We will use the elimination method to eliminate y. Multiply Equation 1 by 2 to make the coefficients of y in both equations equal:

2(-5x + y) = 2(-18)
-10x + 2y = -36

Now, we have the system of equations:

-5x + y = -18 ...(Equation 1)
-10x + 2y = -36 ...(Equation 3)

Adding Equation 1 and Equation 3, we can eliminate y:

(-5x + y) + (-10x + 2y) = -18 + (-36)
-15x = -54
x = -54 / -15
x = 3.6

Now substitute the value of x = 3.6 into Equation 1 to find y:

-5(3.6) + y = -18
-18 + y = -18
y = -18 + 18
y = 0

Therefore, the solution to the system of equations is (x, y) = (3.6, 0).

how many solutions does -5x +y=-18 and 10x -2y=36 have

To determine the number of solutions for the system of equations:

-5x + y = -18 ...(Equation 1)
10x - 2y = 36 ...(Equation 2)

We can rewrite Equation 1 as y = 5x - 18 by moving the -5x term to the other side.

The slope of Equation 1 is 5, and the slope of Equation 2 is 10/2 = 5 as well. This means that the two lines are parallel and will never intersect.

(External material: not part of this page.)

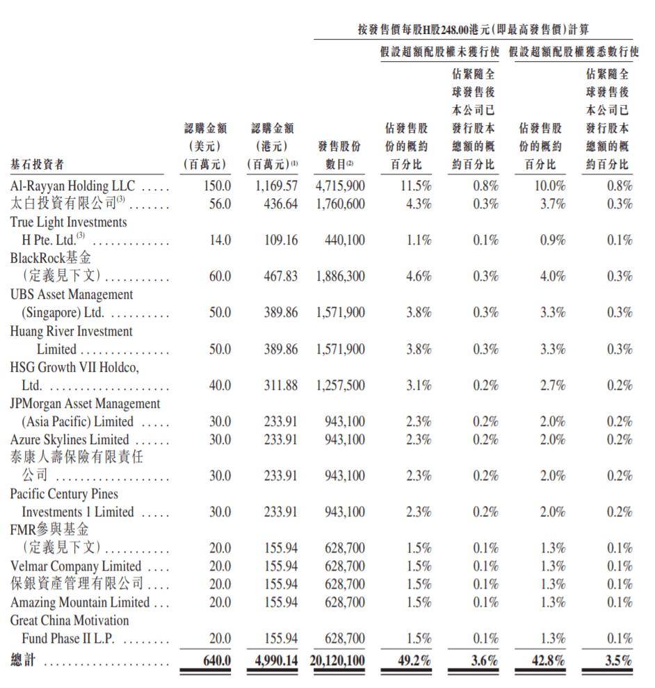 保银资管 、淡马锡 、李宁、 泰康人寿、卡塔尔投资局 、 瑞银 、 腾讯 、 红杉中国 、 李 嘉诚之子李泽楷等 引入15家基石投资者,累计认购金额约6亿4千万美元。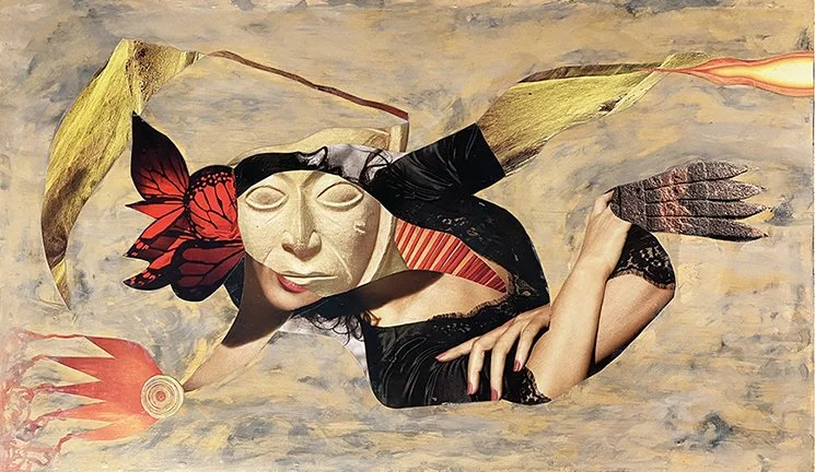 Self-Portrait V: Femme Fatale Rising, 2025, 17” x 18.5” x 1 1/2”. Prints available.

Since the lines are parallel and will never intersect, the system of equations has no common solution. Therefore, the system has no solutions.

ight ty

You're welcome! If you have any more questions, feel free to ask.

How many solutions does the system of equations have? 6x+2y=−18 3x+y=24 (1 point)

To determine the number of solutions for the system of equations:

6x + 2y = -18 ...(Equation 1)
3x + y = 24 ...(Equation 2)

We can rewrite Equation 1 as y = -3x - 9 by dividing both sides by 2.

The slope of Equation 1 is -3, and the slope of Equation 2 is -3 as well. Additionally, the y-intercept of Equation 1 is -9, and the y-intercept of Equation 2 is 24.

Since the slopes are the same and the y-intercepts are different, the two lines are parallel and will never intersect.

Since the lines are parallel and will never intersect, the system of equations has no common solution. Therefore, the system has no solutions.